Earlier this year we called out 2019 as the year of the data engineer, and this week we attended the Data Engineering Conference in San Francisco. An overarching sentiment during the conference was the co-dependency of data scientists and data engineers. Data scientists often feel held back by data engineering teams, who are unfairly blamed for resource constraints, limited data access rights, and slow queries. The talks emphasized the need for tools and solutions that make data engineers’ lives easier; in turn, empowering the data scientist to do more, better, and faster.
While the conference was two days, our post will discuss the themes from day one: 1) time to insight, 2) data quality, 3) data security, and 4) data volume.
Accelerating data scientists’ time to insight. One of the first steps in a data scientist’s work flow is finding and accessing data. Lyft found that 25% of data scientists’ time was spent discovering data. In turn they built Amundsen, a data discovery solution built on top of a metadata engine. It identifies data across different databases backends and allows users to search for particular data types. It uses both relevance and popularity of key terms to inform search results. It also tells users the data owners, top five frequent users of the dataset, descriptions, and tags. The solution has decreased the time it takes to discover an artifact to 5% of the pre-Amundsen baseline.
Another tool that speeds time to insight are notebooks, which have become a default tool for data scientists performing quick prototyping and exploratory analysis. Jupyter notebooks are managed JSON documents with a clean interface to execute code within. The Jupyter protocol offers a messaging API to communicate with kernels that act as computational engines. It separates where content is written from where the code is executed. There is a backend file format that stores both the code and the results.

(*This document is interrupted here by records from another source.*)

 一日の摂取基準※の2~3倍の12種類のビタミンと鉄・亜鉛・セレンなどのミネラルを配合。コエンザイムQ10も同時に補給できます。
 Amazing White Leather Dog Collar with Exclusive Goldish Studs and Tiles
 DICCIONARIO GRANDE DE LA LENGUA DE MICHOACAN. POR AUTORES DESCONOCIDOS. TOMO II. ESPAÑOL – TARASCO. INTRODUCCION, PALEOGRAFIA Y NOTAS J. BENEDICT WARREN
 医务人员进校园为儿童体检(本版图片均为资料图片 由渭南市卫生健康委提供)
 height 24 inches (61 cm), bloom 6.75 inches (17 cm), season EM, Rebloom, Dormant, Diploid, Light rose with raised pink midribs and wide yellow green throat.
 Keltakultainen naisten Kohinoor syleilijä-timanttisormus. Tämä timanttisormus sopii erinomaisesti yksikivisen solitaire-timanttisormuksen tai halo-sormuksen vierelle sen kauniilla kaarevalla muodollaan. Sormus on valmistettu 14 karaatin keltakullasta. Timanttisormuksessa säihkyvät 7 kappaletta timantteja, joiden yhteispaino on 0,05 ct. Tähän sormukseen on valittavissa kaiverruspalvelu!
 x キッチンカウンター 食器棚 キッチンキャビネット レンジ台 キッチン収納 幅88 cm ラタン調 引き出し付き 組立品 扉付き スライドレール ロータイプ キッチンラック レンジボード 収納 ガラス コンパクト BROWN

Data scientists like notebooks because they are shareable, easy to read, output reports, support multiple languages, and results can be accessed without needing to rerun the code.
While Jupyter notebooks come with a lot of perks, Matt Seal of Netflix, highlighted some drawbacks including the lack of history, difficulty in testing, parameterization issues, and challenging concurrent editing due to mutable documents. In turn, Netflix built Papermill a library for parameterizing, executing, and analyzing Jupyter notebooks. Papermill adds notebook isolation so there can be immutable inputs, immutable outputs, parameterization of notebook runs, versioning, templatizing, and configurable sourcing/sinking.

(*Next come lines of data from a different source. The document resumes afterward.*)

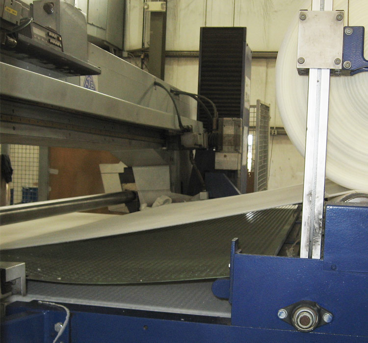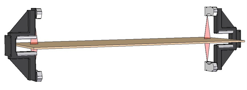 The system generates a continuous thickness measurement at each edge of the foam sheet with readings updated at least 50 times/second. Thickness measurement resolution of better than 0.001” can be obtained.
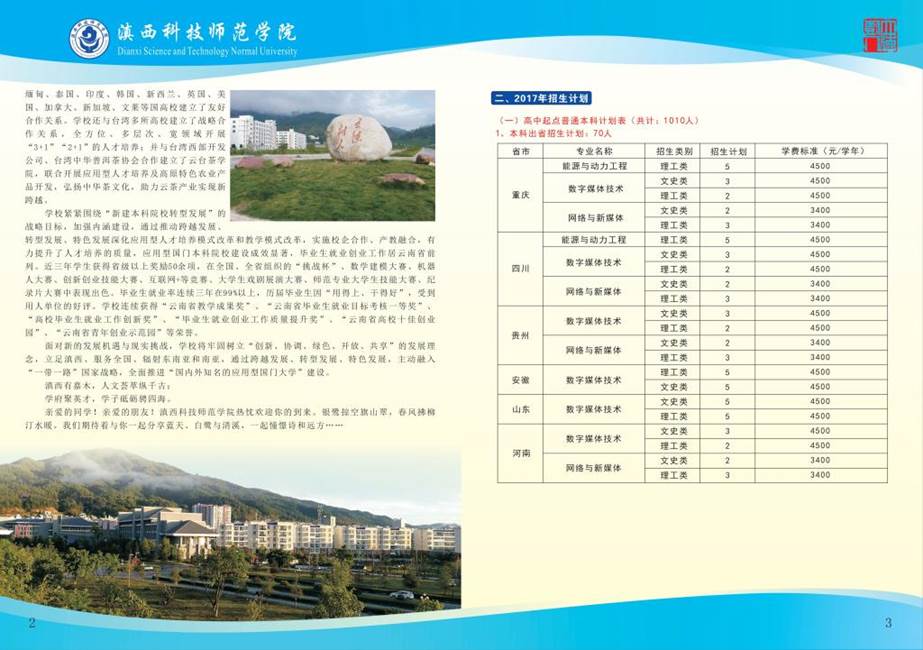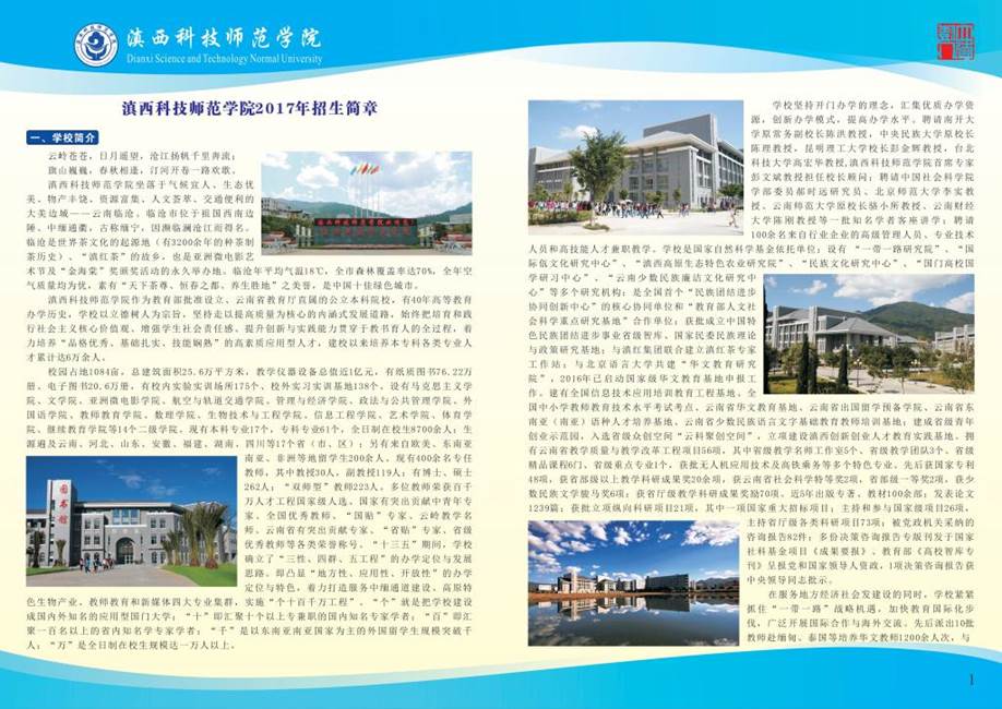 滇西科技師范學(xué)院2017年招生簡(jiǎn)章
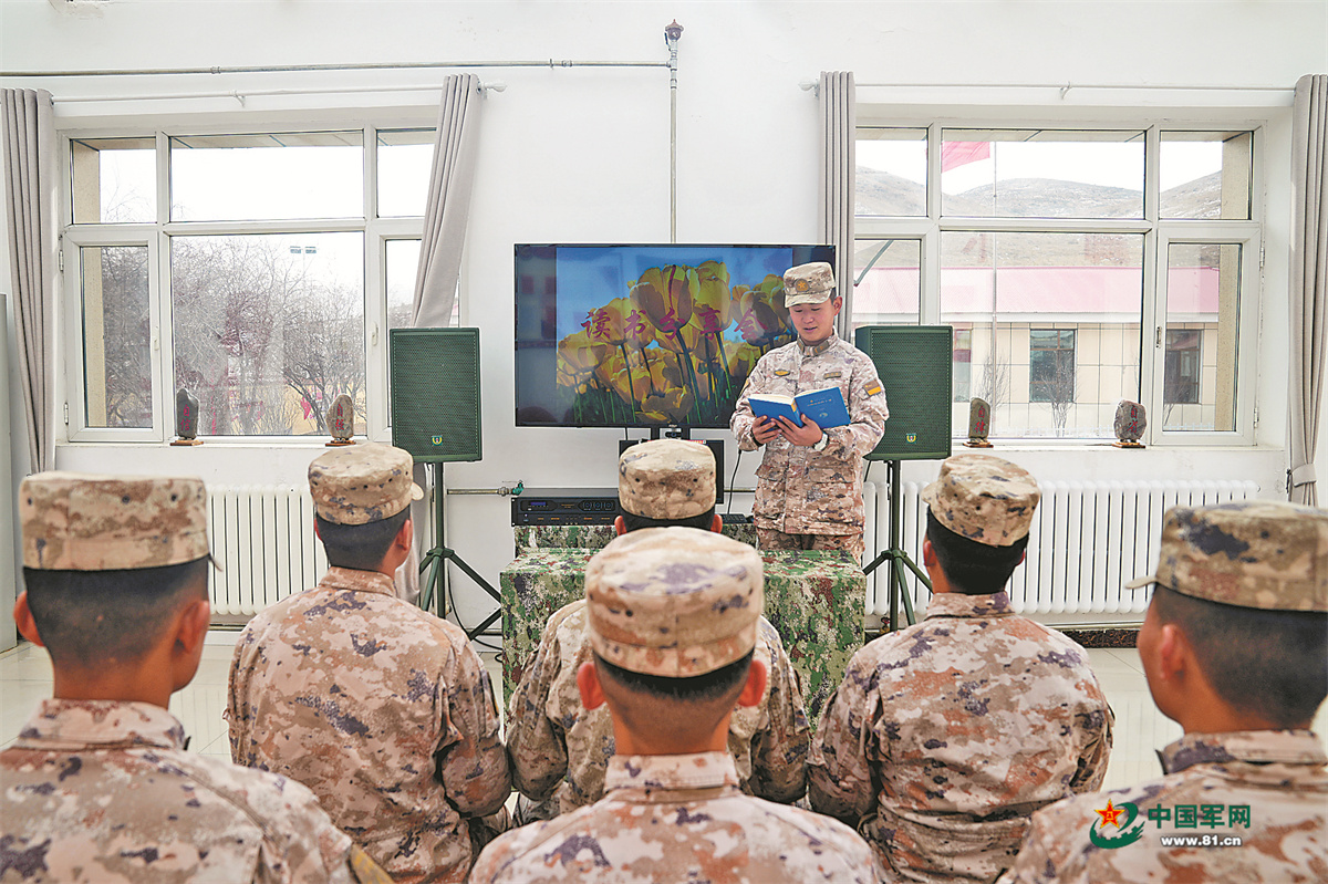 ▲连队读书分享会上,各兴趣小组轮流派代表上台发言,分享本周读书心得。 王静摄

Finally, Rockset discussed how people efficiency can worsen due to slow queries and pipelines. Rockset helps solve this problem through it serverless search and analytics engine that does not require one to define their schema upfront. Instead, it can ingest any dataset and applies field interning, type hoisting, and converged indexing. It applies “smart schemas” that result in more efficient database configurations and queries.
Data security is a priority. We’ve discussed the need for improved data security solutions due to GDPR, CCPA, and other regulations. Some tactics ML engineers employ to work with sensitive data include anonymization, obfuscation (differential privacy), and encryption. Praneeth Vepakomma of MIT underscored these options are inefficient. He pointed to the deanonymization of Netflix prize data and AOL search queries as evidence that anonymization isn’t a sound technique. Privacy engineers have told us that differential privacy doesn’t work when ML teams try to identify anomalies because it smooths out anomalies when injecting noise. While homomorphic encryption is powerful it has issues at scale due to the computing power needed and when there are numerous multiplication operations.

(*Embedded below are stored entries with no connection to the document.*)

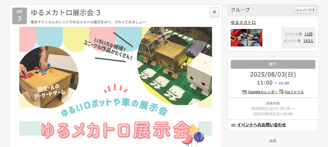#ゆるメカトロ 展示 3 はもうすぐ! #東京テクニカルカレッジ テラホールで 8/3日 11時 から。
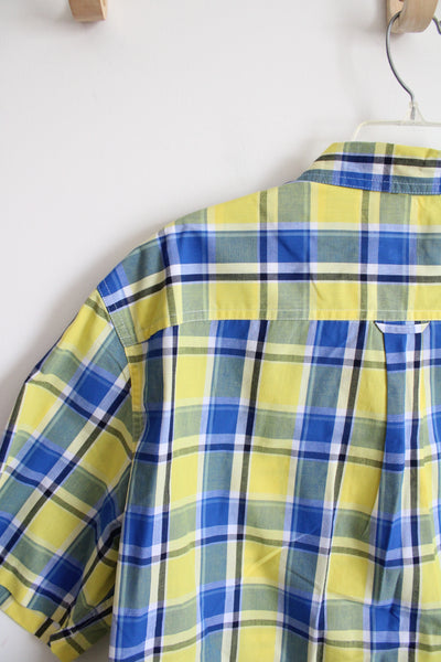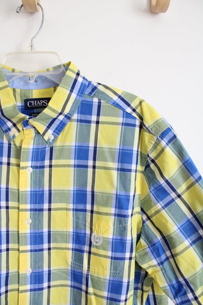 Chaps Easy Care Yellow & Blue Plaid Button Down Shirt | XL
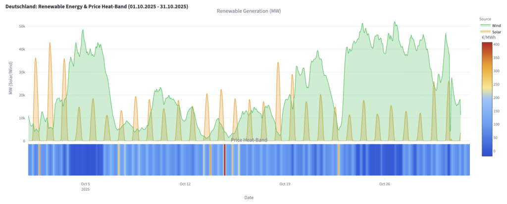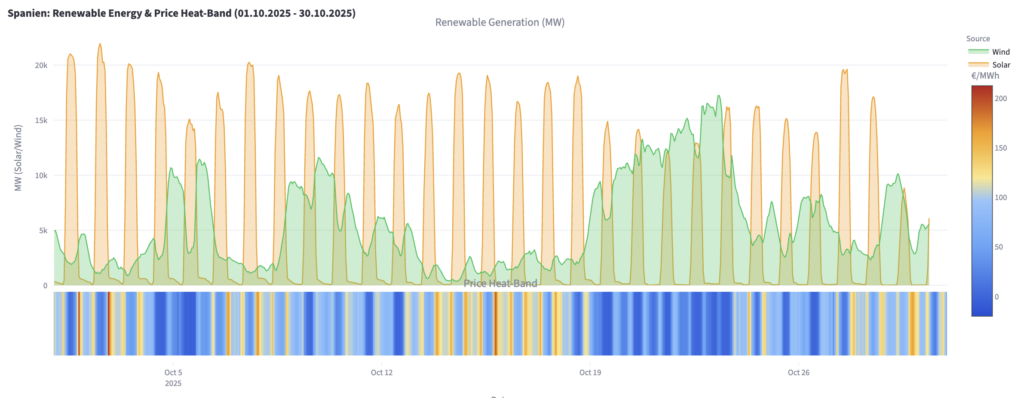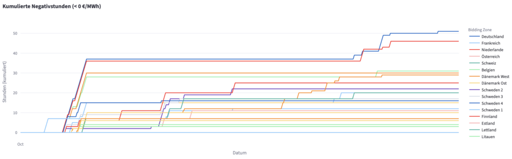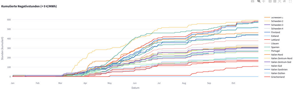 จากการวิเคราะห์ของเครื่องมือ Strommarkt-App พบว่าช่วงเวลาราคาติดลบเพิ่มขึ้นอย่างรวดเร็วทั่วทั้งทวีป เนื่องจากการผลิตพลังงานหมุนเวียนที่พุ่งสูงขึ้นและความผันผวนของสภาพอากาศที่ส่งผลกระทบต่อระบบไฟฟ้าของยุโรป ณ สิ้นเดือนตุลาคม เขตราคาที่สองของสวีเดนรายงานจำนวนชั่วโมงราคาติดลบสูงสุดที่ 593 ชั่วโมง ตามมาด้วยเนเธอร์แลนด์ (584 ชั่วโมง) เยอรมนี (576 ชั่วโมง) สเปน (569 ชั่วโมง) เบลเยียม (519 ชั่วโมง) และฝรั่งเศส (513 ชั่วโมง)

Vepakomma instead proposed split learning that allows entities to train (and infer from) ML models without sharing any raw data or detailed information about the model. With split learning, each client trains a partial deep network up to a specific layer. The outputs are sent to a server the completes the rest of the training without looking at the raw data from any client. This completes a round of forward propagation. The gradients are then back propagated at the server from its last layer. Split learning has an advantage over federated learning because it does not reveal the gradients of previous layers and requires less resources on the client.
Data quality remains a challenge. We often hear that data engineers are held responsible for bad data populated in executive dashboards. Barr Moses coined “data downtime,” a period of time when data is partial, erroneous, missing, or otherwise inaccurate. She noted that signs you are experiencing data downtime include 1) your data team spends over 10% of its time on fire drills, 2) your company lost money because data was broken, 3) critical analysis fails because missing data went unnoticed, and 4) troubleshooting involves tedious step-by-step debugging. Teams are at different stages of solving data quality including reactive, proactive, automated, and scalable. When the audience asked which stage they were at, the majority stated reactive and proactive. A scalable data quality solution like Apache Griffin or Netflix RAD helps team continuous validate data across columns, tables, and sources flagging data that doesn’t mirror historical data distributions or looks erroneous.
ML needs more data. We recently wrote about how supervised learning models are hungry for more data. Snorkel a data programming solution helps data scientist quickly label data using Python function. If teams haven’t captured the necessary data, Tonic noted they can use synthetic data to augment the training data set.
Solutions data engineers can leverage to decrease blame and empower data scientists will find success. The Data Engineering conferences highlighted that time to insight and data quality, security, and volume are key for productive teams.